Friday, August 03, 2007

New Mexico/Arizona - 19-23 May 2007

Much of my life is ruled by the Law of Diminishing Returns. Briefly, this economic law states that additional input toward a particular repeated action decreases the marginal yield.

As much of my life is necessarily repetitious (driving, working, eating, sleeping etc., etc.), doing more of it doesn't automatically mean I'll enjoy it more. So over the past several years, I have attempted to shift my focus to the moments that break this law.

Hiking is one of them. Besides simplifying my life, hiking is what brings everything back to base zero and re-sets the meter. When Chris first mentioned Havasu as a hiking destination, I readily agreed; after all, this is but prelude to the Outer Mountain Loop.

Since hiking in nature is automatically a pleasure, hiking companions strengthen the experience. I always enjoy hiking with my father, brother, and Brian. I haven't hiked with Dave since I was a teenager; it was my first time to hike with Jackson, Andria, and Mason.

Also for this trip, I wanted to try to bring more of my everyday life with me. I read a quote somewhere that going to the back country shouldn't be roughing it - it should be smoothing it.

I quickly learned that it is more practical in theory. While planning my food rations, I wanted to cook some simple meals that I would cook in my own kitchen.

The first meal turned out great - couscous with sun dried tomatoes and dried herbs in pita bread. It was delicious and executed to near perfection. The second meal didn't turn out all. I hiked 10 miles with 6 fresh eggs in my backpack and cooled them in the river not thirty feet from our camp site with the intention of making egg salad sandwiches in the morning. The next morning, Jackson somehow managed to break all six eggs in about 10 seconds.

What follows are pictures and quotations, with one exception, provided by Mr. John Muir, with my observations.


"Everybody needs beauty as well as bread, places to play and pray in, where Nature may heal and cheer and give strength to body and soul alike."

The Blue Hole in Santa Rosa, NM. These are the most pristine waters I have ever visited. 81 feet deep, 61 degrees in temperature, they are also the most brisk waters I have ever visited.




"Wander here a whole summer, if you can. Thousands of God's wild blessings will search you and soak as if you were a sponge, and the big days will go by uncounted."

The Tepees Area of the Painted Desert.

"Above, the bad lands stretch on either hand. This is the region of the Painted Desert, for the marls and soft rocks of which the hills are composed are of many colors - chocolate, red, vermillion, pink, buff, and gray; and the naked hills are carved in fanstastic forms. - John Wesley Powell, The Exploration of the Colorado River and Its Canyons (1875)

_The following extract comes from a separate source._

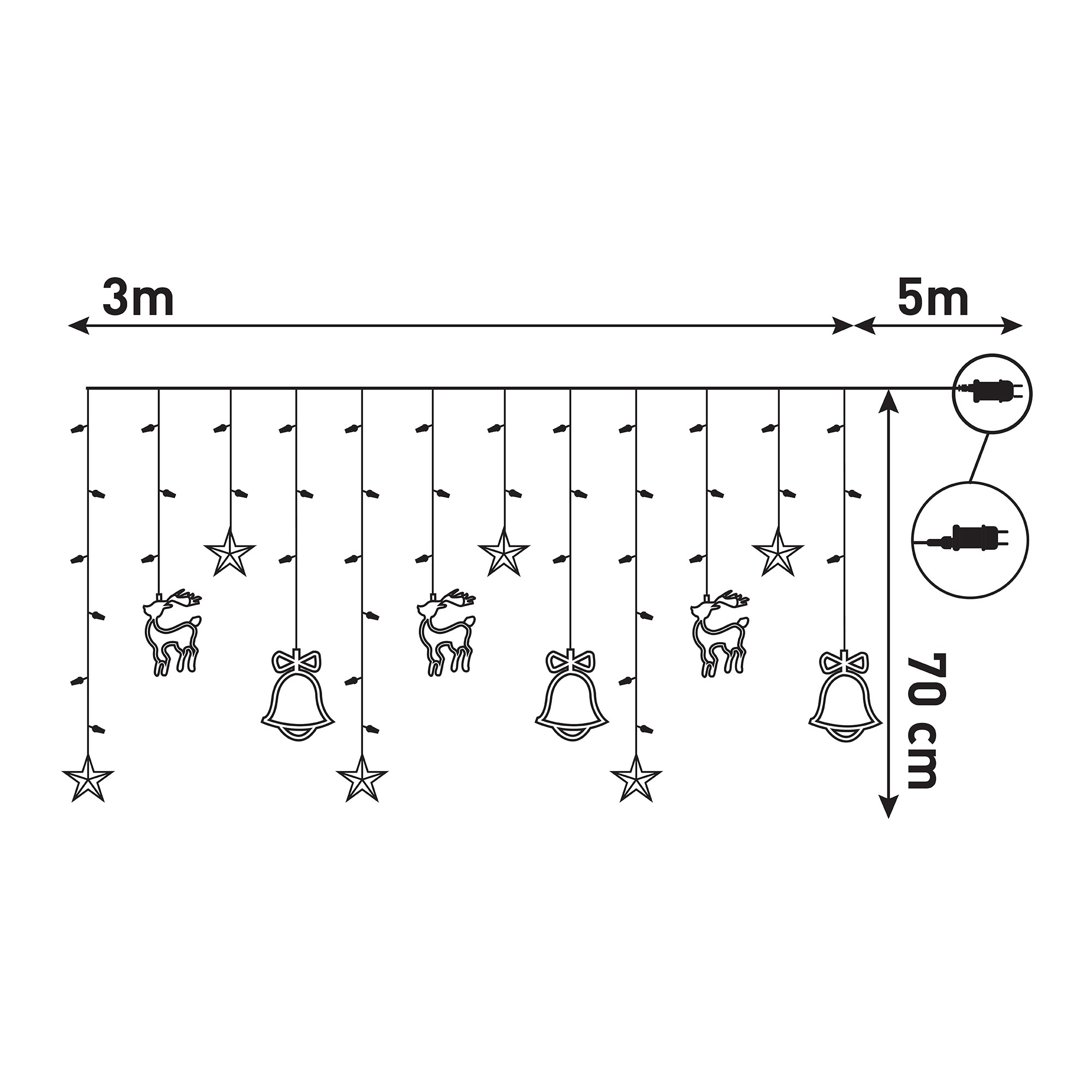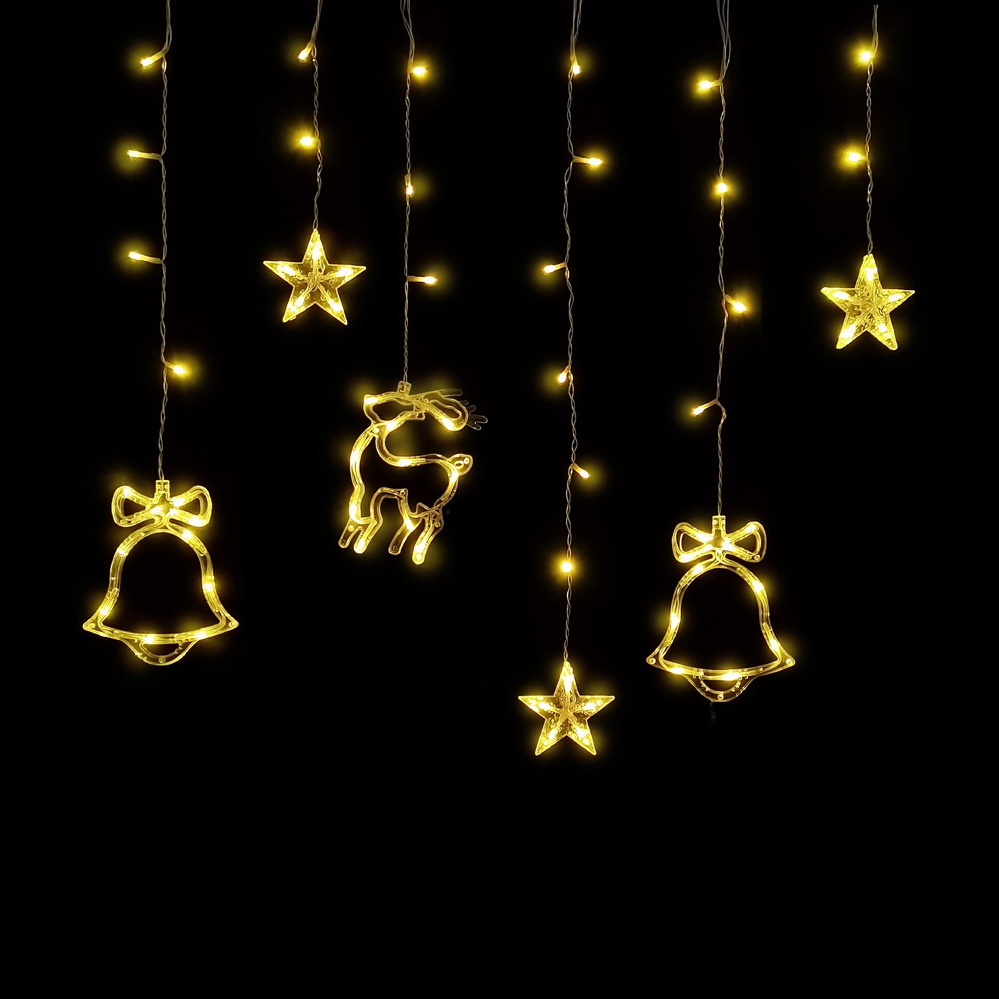 Entac Christmas Curtain Light IP44 WW 135 LED 12 Strings of Bells and Deers + 8F Timer 3x0,7m with IR Remote

The Painted Desert is a marvellously isolated and desolate area. Its beauty is underscored by the petrified remains of the forests that once anchored these lands.

The bad lands show the process of nature's change. Layers of sandstone, clay, siltstone, and hematite highlight the colorful landscape.


"No matter how far you have wandered hither to, or how many famous gorges and valleys you have seen, this one, the Grand Canyon...will seem as novel to you, as unearthly in the color and grandeur and quantity of its architecture, as if you had found it after death, on some other star; so incomparably lovely and grand and supreme is it above all the other canons in our fire molded, earthquake shaken, rain washed, wave washed, river and glacier sculptured world."

This was my first trip to the South Rim of the Grand Canyon. Putting the visual perspective into words is near impossible; pictures reveal about a tenth of what the eye may capture.


"Deserts are charming to those who know how to see them."

My favorite places to hike - forests and deserts - are on opposite ends of the ecological spectrum. While the beauty of a forest is self-evident, it takes a different perspective to enjoy the beauty of a desert.

Time appears to slow down in the desert; life is more fragile and its residents are tougher.

"Every excursion I have made in all my rambling life has been fruitful and delightful from the smallest indefinite saunter an hour or two in length to the noblest summer's flight with steadyaim like a crusader bound for the Holy Land or a bird to its northern home following the flight of the seasons."

The desert goes through its own evolution. Canyons shift and rocks fall. This change disturbs shelters that took generations to form and creates new shelters for several more generations. The boulders that fall from the cliffs are not diminutive; many are the size of the kitchen in our house.

Every human, no matter what his wild disposition, would find his own way, if only he looked for it....Somewhere, if he wandered freely enough, he would enter the flow and begin to take his strength from the fountains."

Havasu Falls, 2 miles from the town of Supai, AZ and 10 miles from the trailhead. The falls drop 120 feet and create its own wind system to keep the swimming area cool on the hottest of days.